#### [WHAT THIS TASK INVOLVES]
Starting at the first line of the listing below, retype each line up to and including the one that contains "(250331) -- NAY". Leave pictures out.

=== Begin Enclosure ===

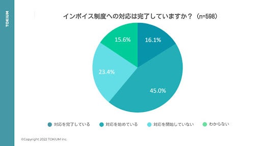 - インボイス制度への認知度は71% 対応を完了しているのはおよそ16%
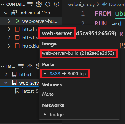 ++ 해당 UI는 VSC 에서 Docker 관련 확장 프로그램을 설치하면 볼 수 있다. (Dockerfile 가독성도 좋게 해주니 설치하는 것을 권장한다)
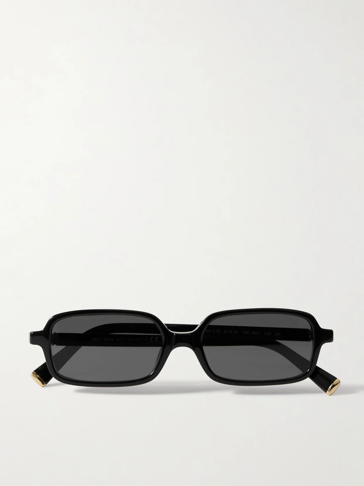 Miu Miu's sunglasses have slim rectangular frames that sit comfortably on the bridge of your nose. They're made from glossy black acetate and detailed with a gold-tone metal logo that matches the gilded tips of each arm.
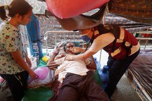 (250331) -- NAY PYI TAW, 31 marzo, 2025 (Xinhua) -- Un experto de un equipo médico y de rescate de...
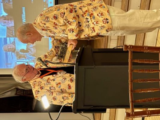 The awards and citations are listed below, most recent first. November 18, 2022. Bill "Roller" Leahy . The dinner event, MC'd by Steve Harwood, was preceded by Tiger Talk, "Aging Gracefully", which Bill presented jointly with Barbara Goltz (click here for the Tiger Talk video). The citation for Bill's award is: "We’re honoring Bill (Roller) Leahy for his outstanding work as Board member and President of Alumni Corp., which promotes non-profits in various ways; his contribution in starting a program to encourage non-college bound high school juniors and seniors to pursue nursing; his contributions as a Class vice president, notably starting the Locomotive Award program; and his professional contributions in the field of neurology." For much more about Bill's extensive contributions, click here for Glenn Goltz's introductory remarks. The photo shows Bill accepting the award from Glenn Goltz. For more photos from the dinner and award ceremony, please see the "Classmate Sightings" page and scroll down to November 18.

=== End Enclosure ===

#### [RESULT OF THIS EXERCISE]
 - インボイス制度への認知度は71% 対応を完了しているのはおよそ16%
 ++ 해당 UI는 VSC 에서 Docker 관련 확장 프로그램을 설치하면 볼 수 있다. (Dockerfile 가독성도 좋게 해주니 설치하는 것을 권장한다)
 Miu Miu's sunglasses have slim rectangular frames that sit comfortably on the bridge of your nose. They're made from glossy black acetate and detailed with a gold-tone metal logo that matches the gilded tips of each arm.
 (250331) -- NAY PYI TAW, 31 marzo, 2025 (Xinhua) -- Un experto de un equipo médico y de rescate de...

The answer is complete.